Task to carry out: In the data below, begin at the line with "La FSU a adressé" and stop after the line with "電動家用久躺靠 起背起身神器升降床墊雅致灰-長款Mattresses【LADUTA 拉布塔】官方旗艦店"; output those lines exactly and no pictures.

Data extract:
======

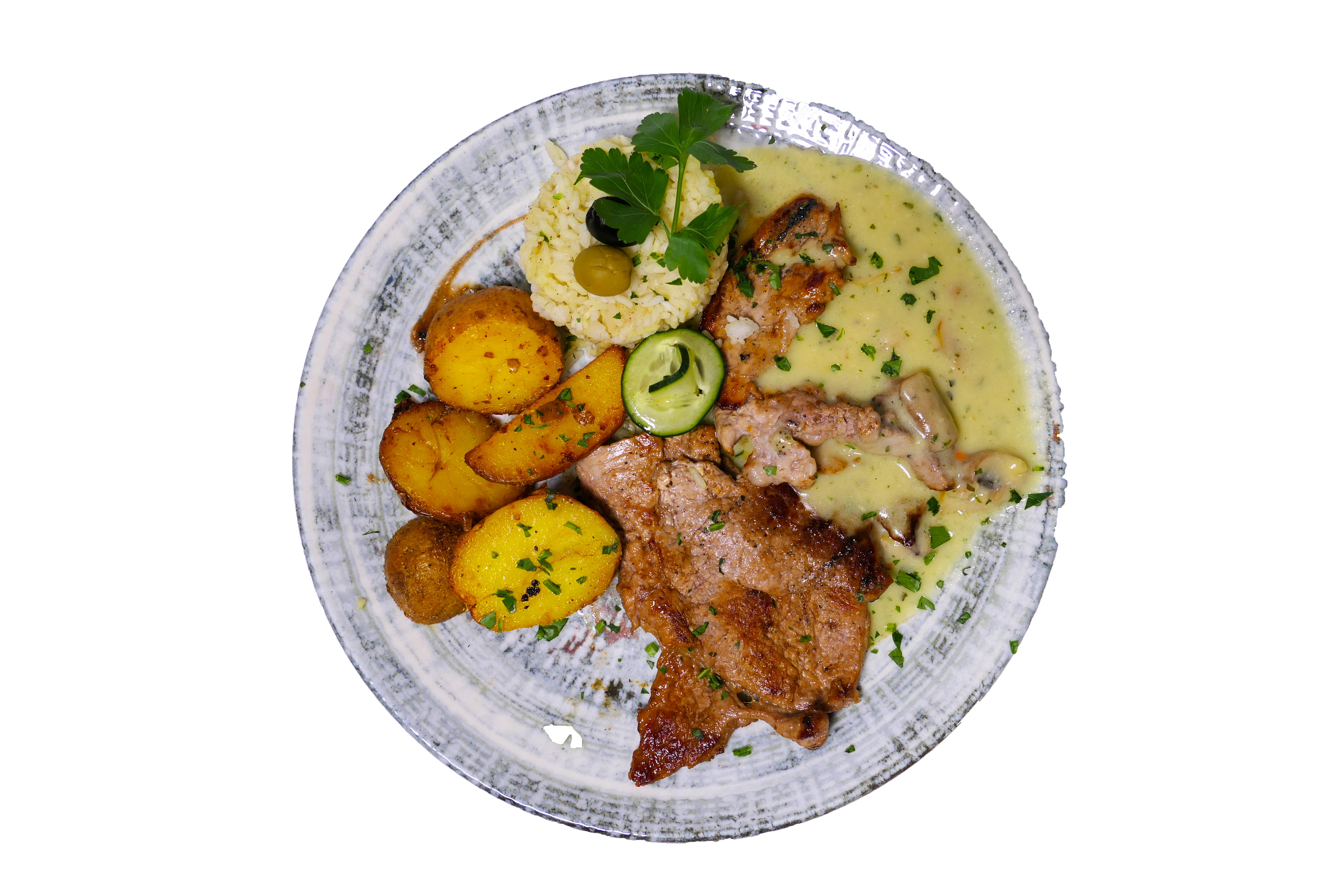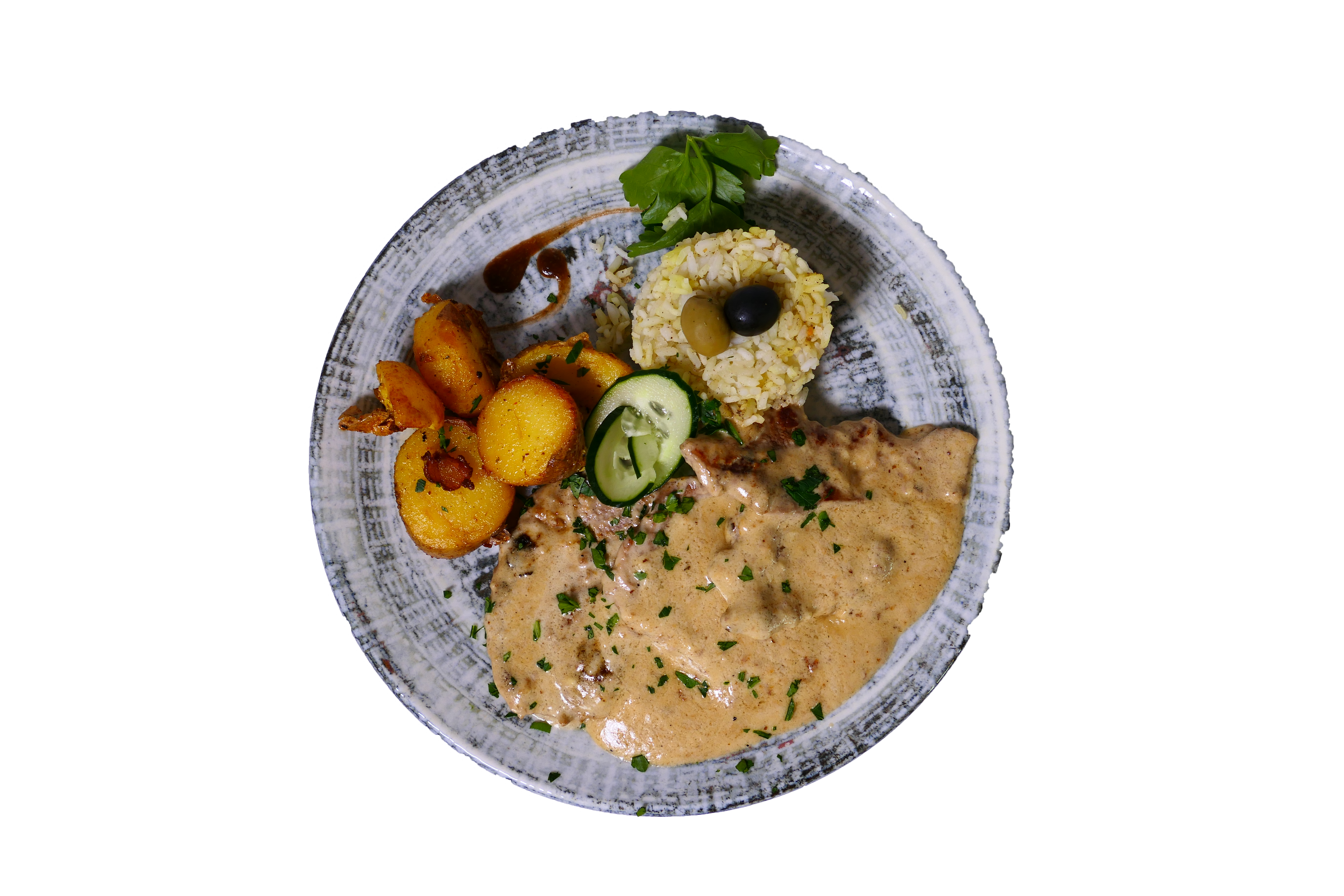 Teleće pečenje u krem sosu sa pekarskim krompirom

======

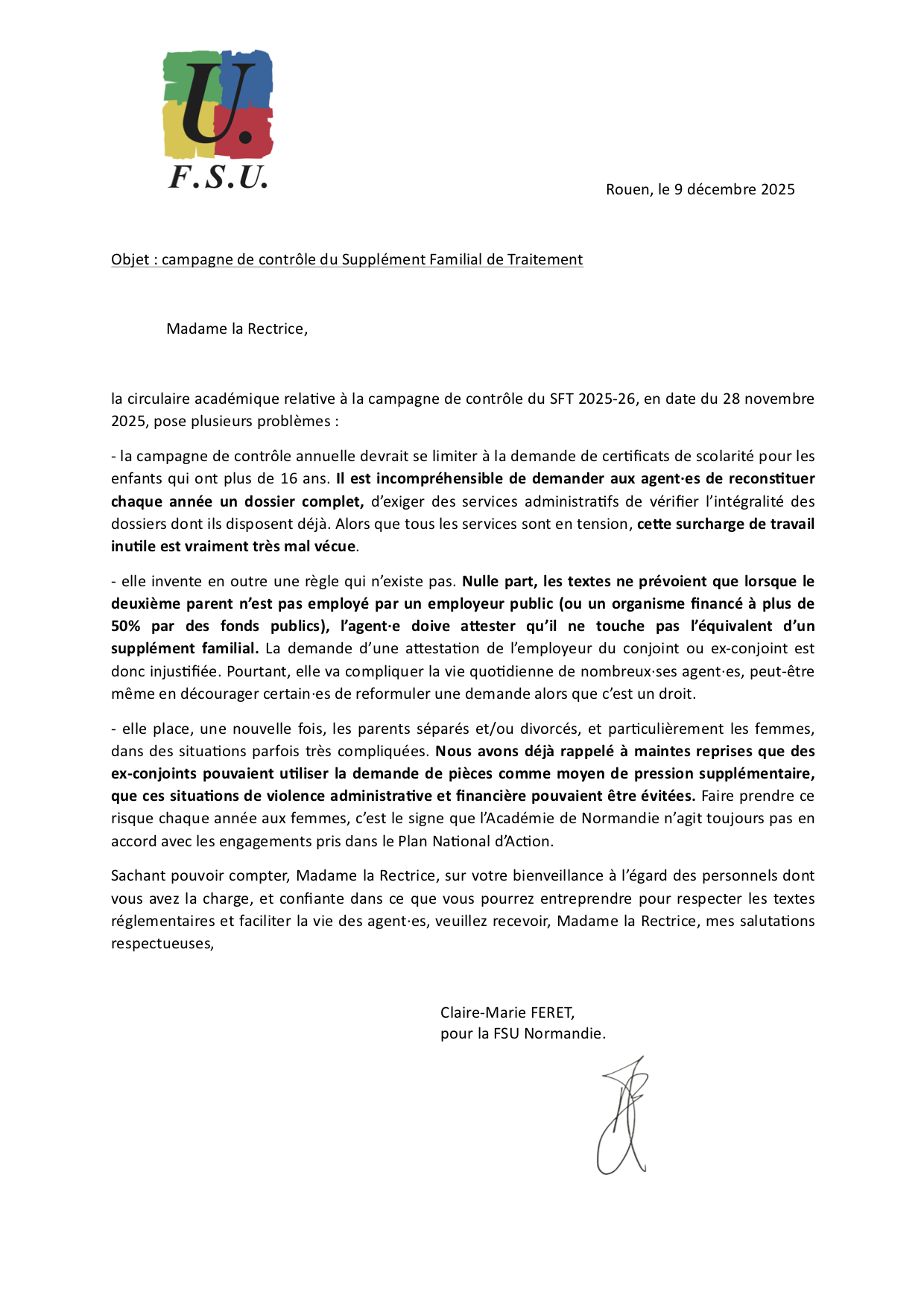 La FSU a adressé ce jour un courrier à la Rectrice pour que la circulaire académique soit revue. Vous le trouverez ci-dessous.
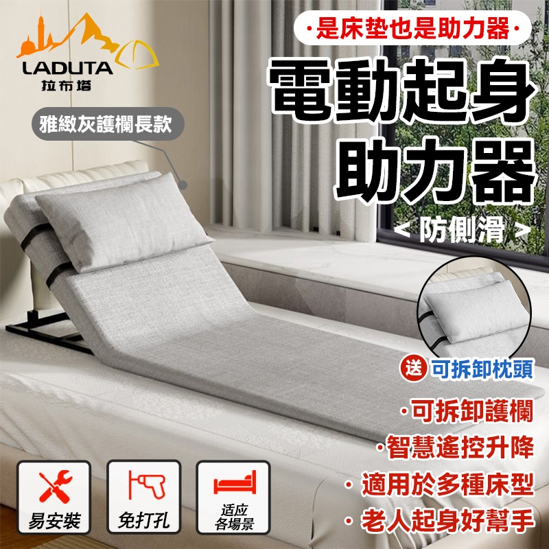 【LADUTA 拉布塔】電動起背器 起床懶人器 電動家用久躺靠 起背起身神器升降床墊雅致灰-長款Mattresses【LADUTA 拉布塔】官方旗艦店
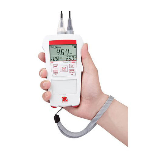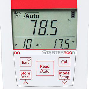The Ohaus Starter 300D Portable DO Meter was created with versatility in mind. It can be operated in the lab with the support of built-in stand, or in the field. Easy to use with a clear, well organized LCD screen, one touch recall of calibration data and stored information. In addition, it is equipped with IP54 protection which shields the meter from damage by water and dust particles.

======

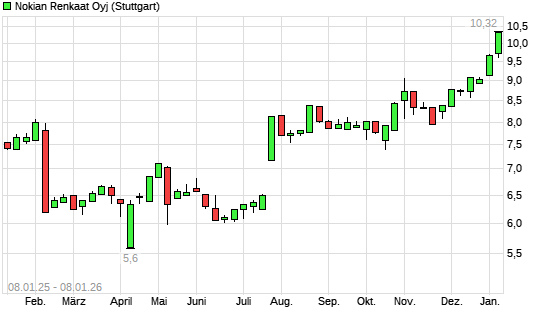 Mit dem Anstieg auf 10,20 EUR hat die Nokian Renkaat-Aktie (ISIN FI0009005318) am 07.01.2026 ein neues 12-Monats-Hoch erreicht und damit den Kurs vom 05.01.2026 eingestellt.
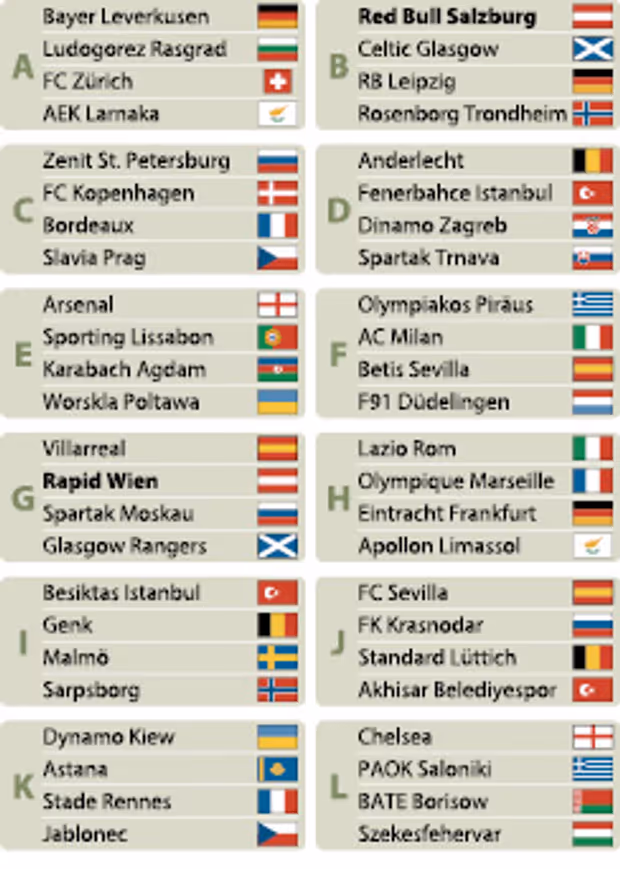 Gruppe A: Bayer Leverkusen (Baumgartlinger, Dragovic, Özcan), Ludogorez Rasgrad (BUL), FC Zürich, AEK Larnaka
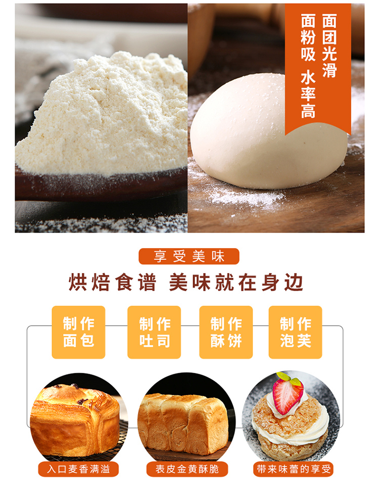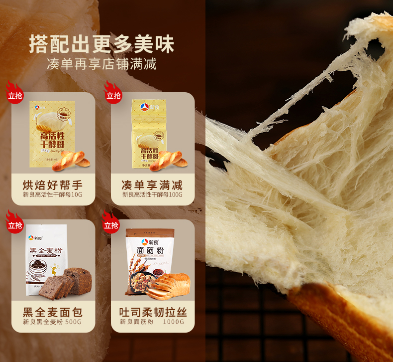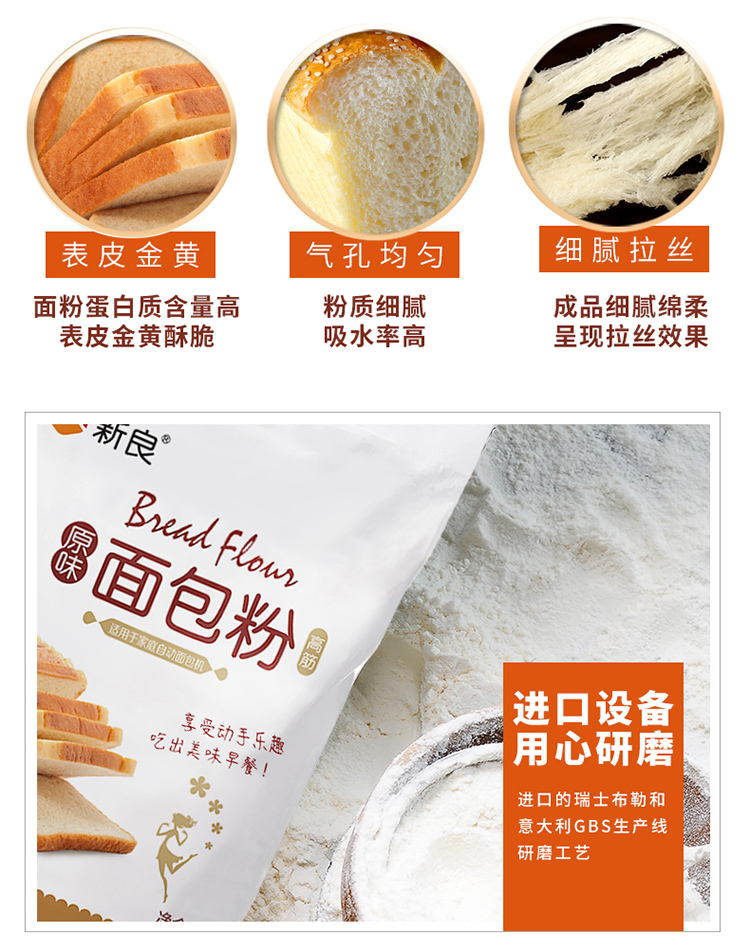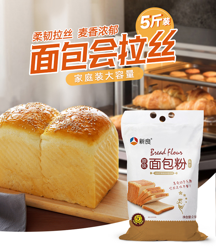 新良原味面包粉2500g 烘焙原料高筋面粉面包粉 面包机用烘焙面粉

======

Finished exercise:
 La FSU a adressé ce jour un courrier à la Rectrice pour que la circulaire académique soit revue. Vous le trouverez ci-dessous.
 【LADUTA 拉布塔】電動起背器 起床懶人器 電動家用久躺靠 起背起身神器升降床墊雅致灰-長款Mattresses【LADUTA 拉布塔】官方旗艦店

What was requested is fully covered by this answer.